Top of INFORMATION SHOWN
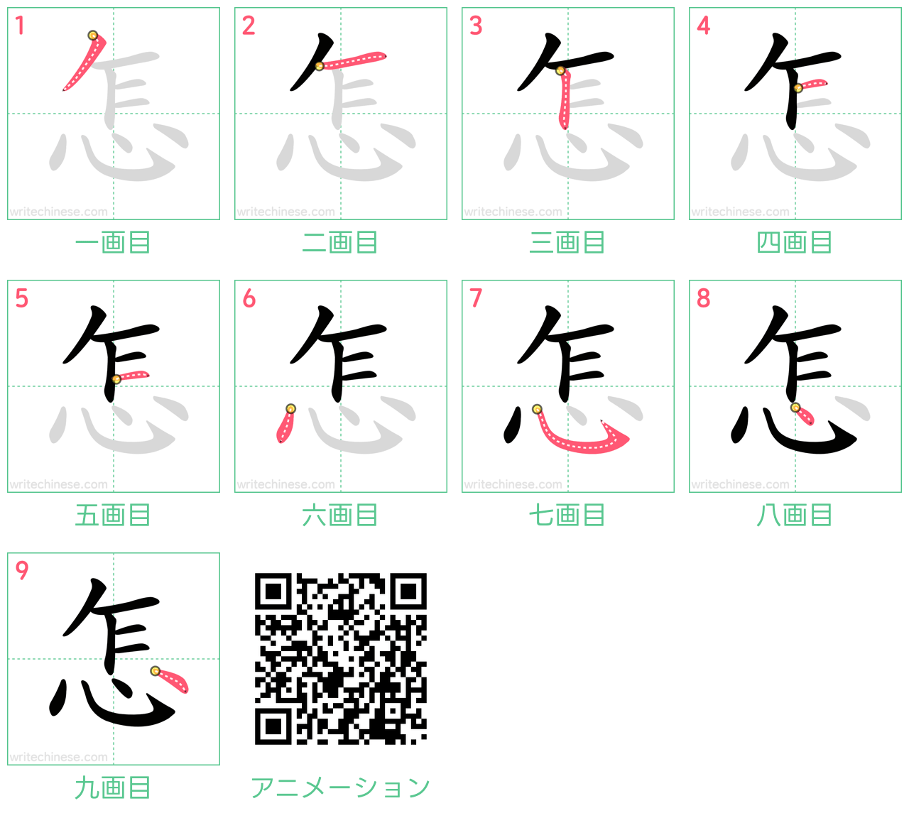 中国語の簡体字「怎」の筆順アニメーションを見て、「怎」という漢字の書き方を学びましょう。
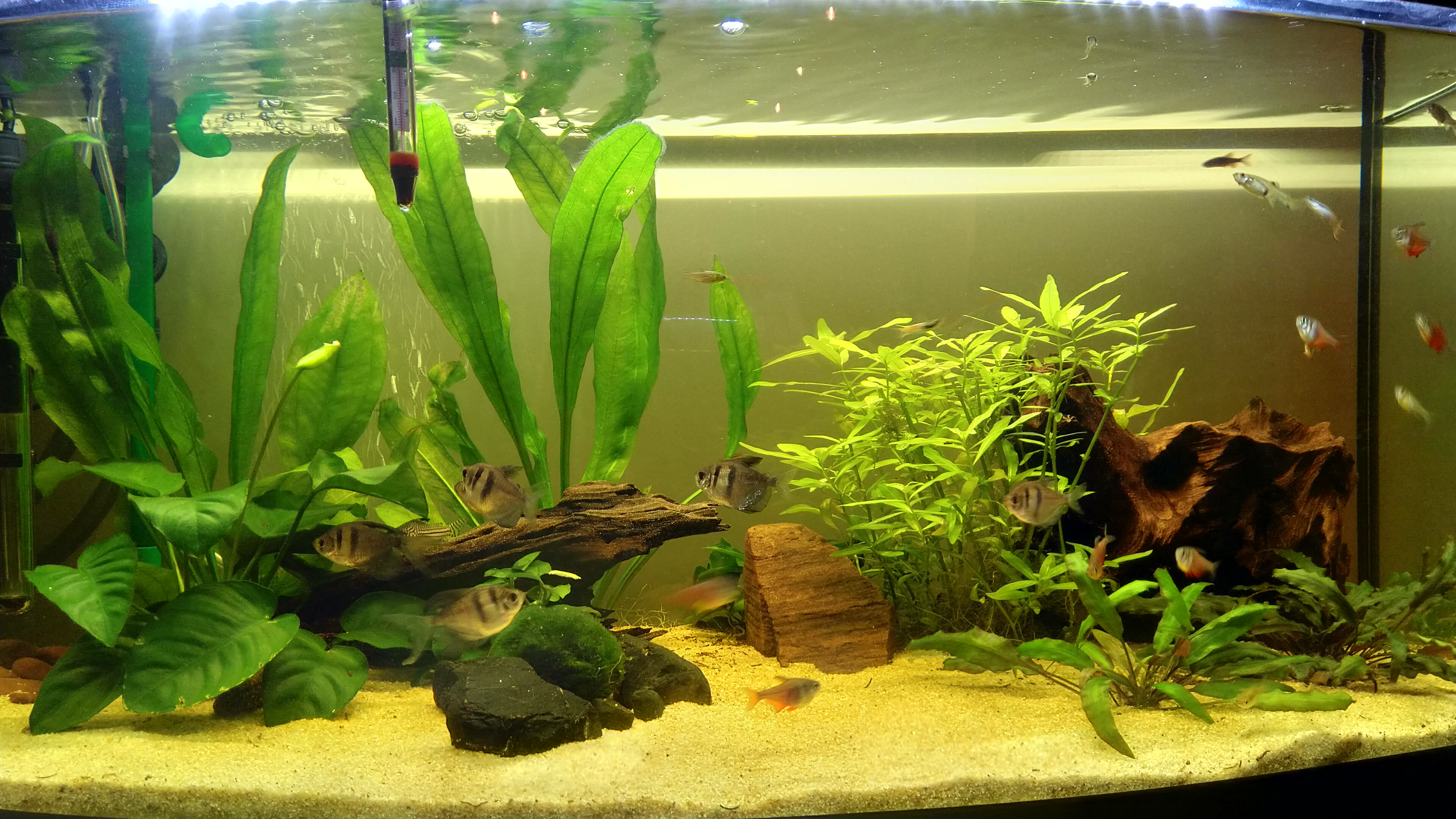 Corydoras trilineatus, Hyphessobrycon flammeus, Gymnocorymbus ternetzi, Danio margaritatus, Poecilia wingei, Neocaridina heteropoda var. Red, Neritina natalensis
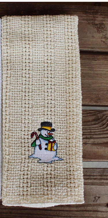 24”x15” 100% Cotton Kitchen Towel with Christmas Embroidery (single towel) The perfect Christmas touch to any country kitchen. Available on an embroidered on a natural towel. Makes a great gift! Made and embroidered in the U.S.A!  Snowman
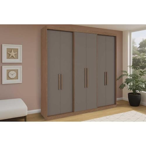 Tipo de Cabideiro - Aéreo Material dos Cabideiros - Cabideira Metálico Tipo de Porta do Guarda-Roupa - Portas de Correr Material das Portas - Portas em MDF Quantidade de Portas - 6 Portas de Abrir Material das Gavetas - Gavetas em MDP Tipo de Corrediça - c/ Corrediças Metálicas Quantidade de Gavetas - 2 Gavetas Material das Prateleiras - Prateleiras em MDP Quantidade de Prateleiras - 9
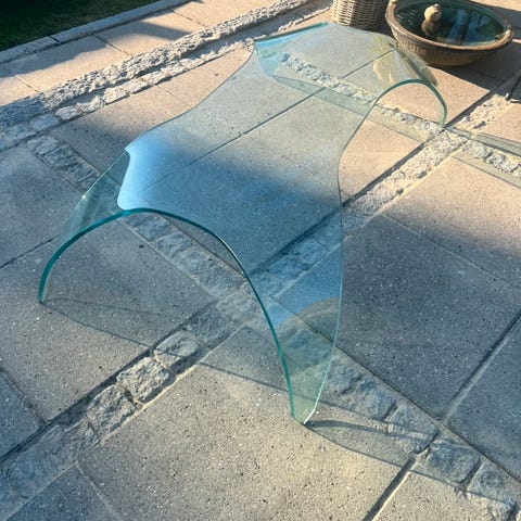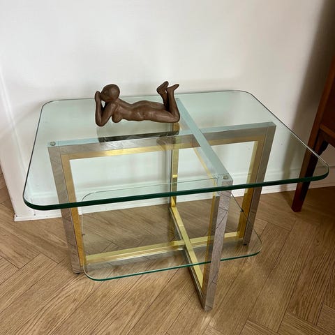 Flot kvadratisk udformet bord, fransk design, udført i træramme, med hærdet glasplade på toppen, samt under bordpladen.
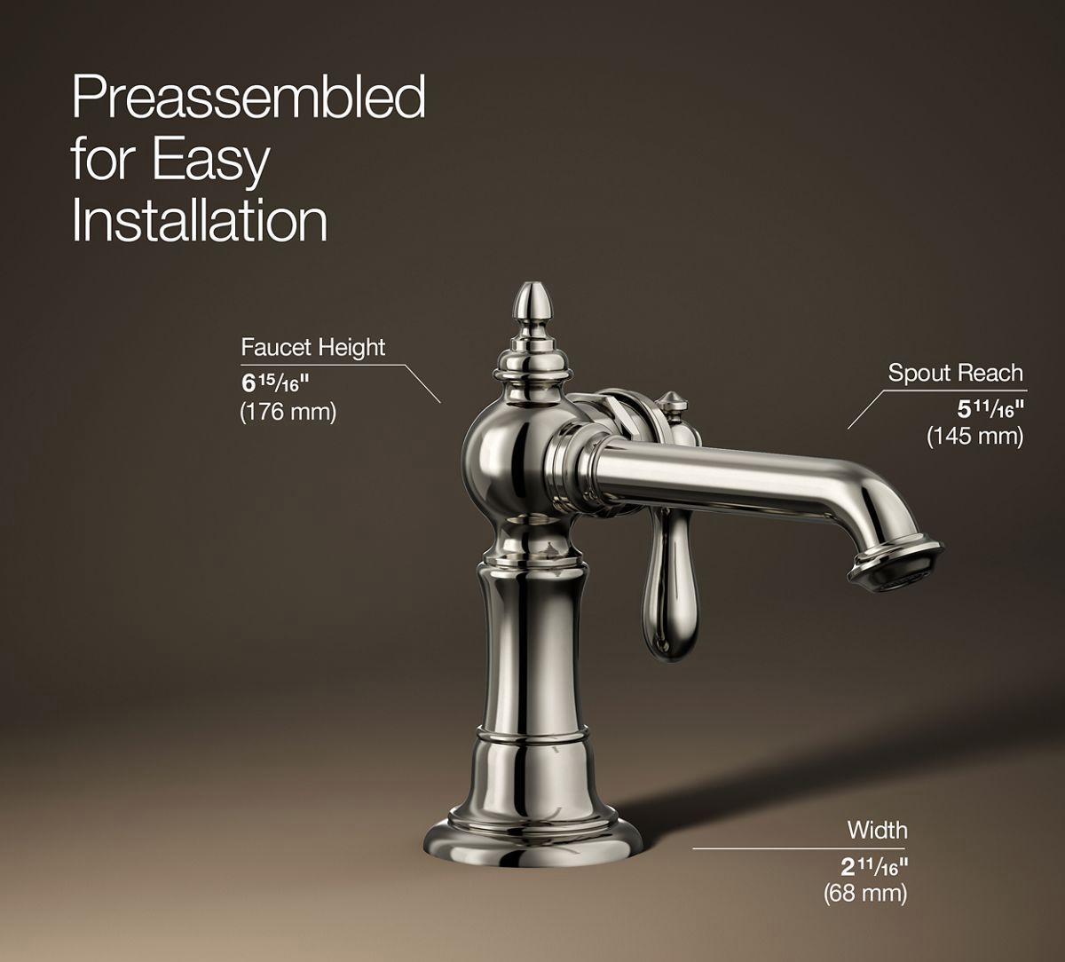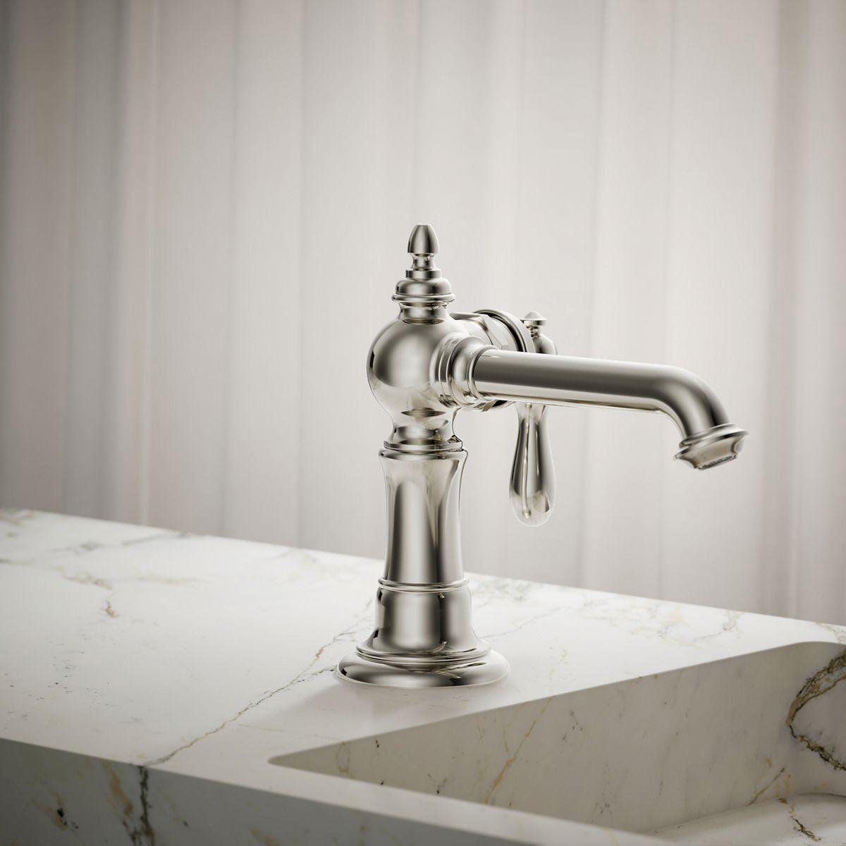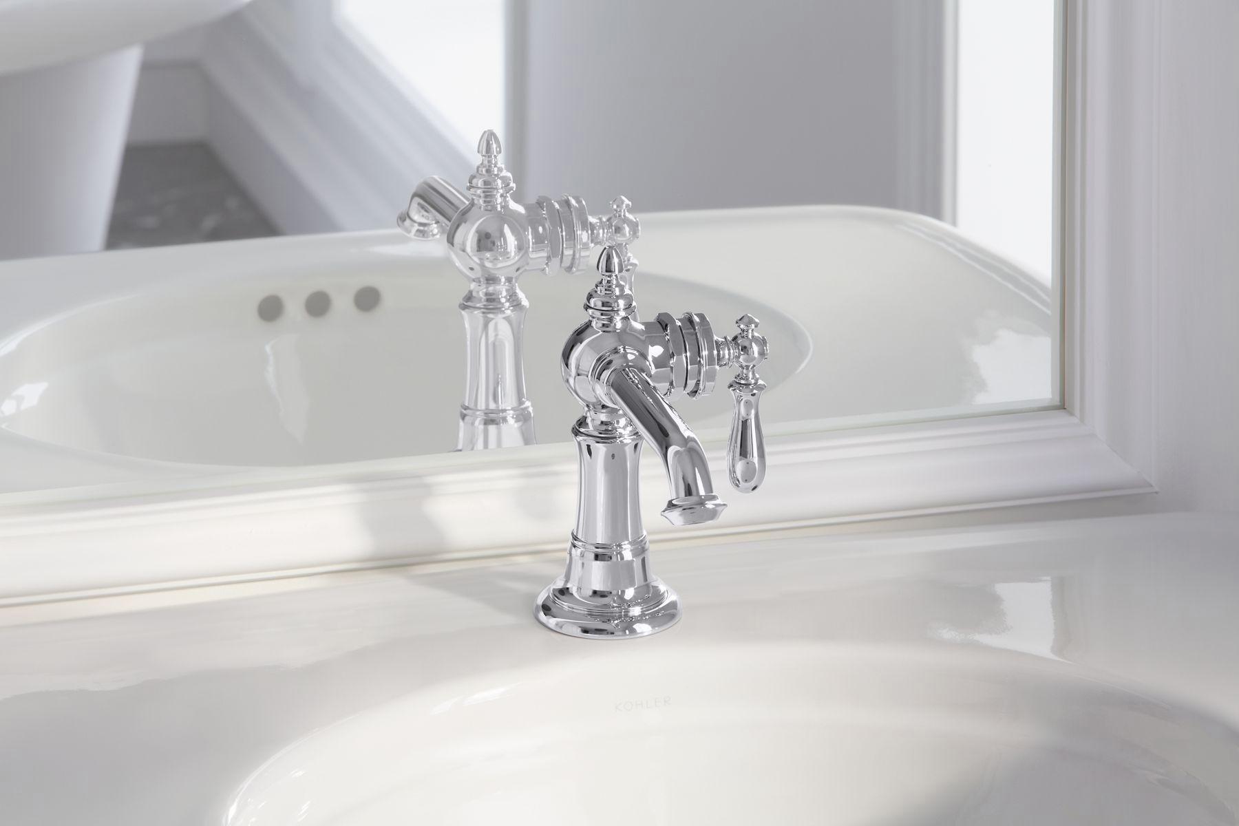 Create a look all your own with the Artifactscollection. Timeless and classic in its inspiration, Artifactsallows you to coordinate faucets, accessories, showering, and finishes to express your personal style. Artifactsfaucets combine quality craftsmanship with artisan designs to lend character and authenticity to your space - as a finishing touch or the central piece to build the room around. This bathroom sink faucet features a single lever handle for simple water temperature adjustment.
Bottom of INFORMATION SHOWN
# YOUR GOAL
Your reply should consist solely of the lines above, from the opening line through the line with "Flot kvadratisk udformet", reproduced exactly and without pictures.

# SOLUTION FOR THIS EXERCISE
 中国語の簡体字「怎」の筆順アニメーションを見て、「怎」という漢字の書き方を学びましょう。
 Corydoras trilineatus, Hyphessobrycon flammeus, Gymnocorymbus ternetzi, Danio margaritatus, Poecilia wingei, Neocaridina heteropoda var. Red, Neritina natalensis
 24”x15” 100% Cotton Kitchen Towel with Christmas Embroidery (single towel) The perfect Christmas touch to any country kitchen. Available on an embroidered on a natural towel. Makes a great gift! Made and embroidered in the U.S.A!  Snowman
 Tipo de Cabideiro - Aéreo Material dos Cabideiros - Cabideira Metálico Tipo de Porta do Guarda-Roupa - Portas de Correr Material das Portas - Portas em MDF Quantidade de Portas - 6 Portas de Abrir Material das Gavetas - Gavetas em MDP Tipo de Corrediça - c/ Corrediças Metálicas Quantidade de Gavetas - 2 Gavetas Material das Prateleiras - Prateleiras em MDP Quantidade de Prateleiras - 9
 Flot kvadratisk udformet bord, fransk design, udført i træramme, med hærdet glasplade på toppen, samt under bordpladen.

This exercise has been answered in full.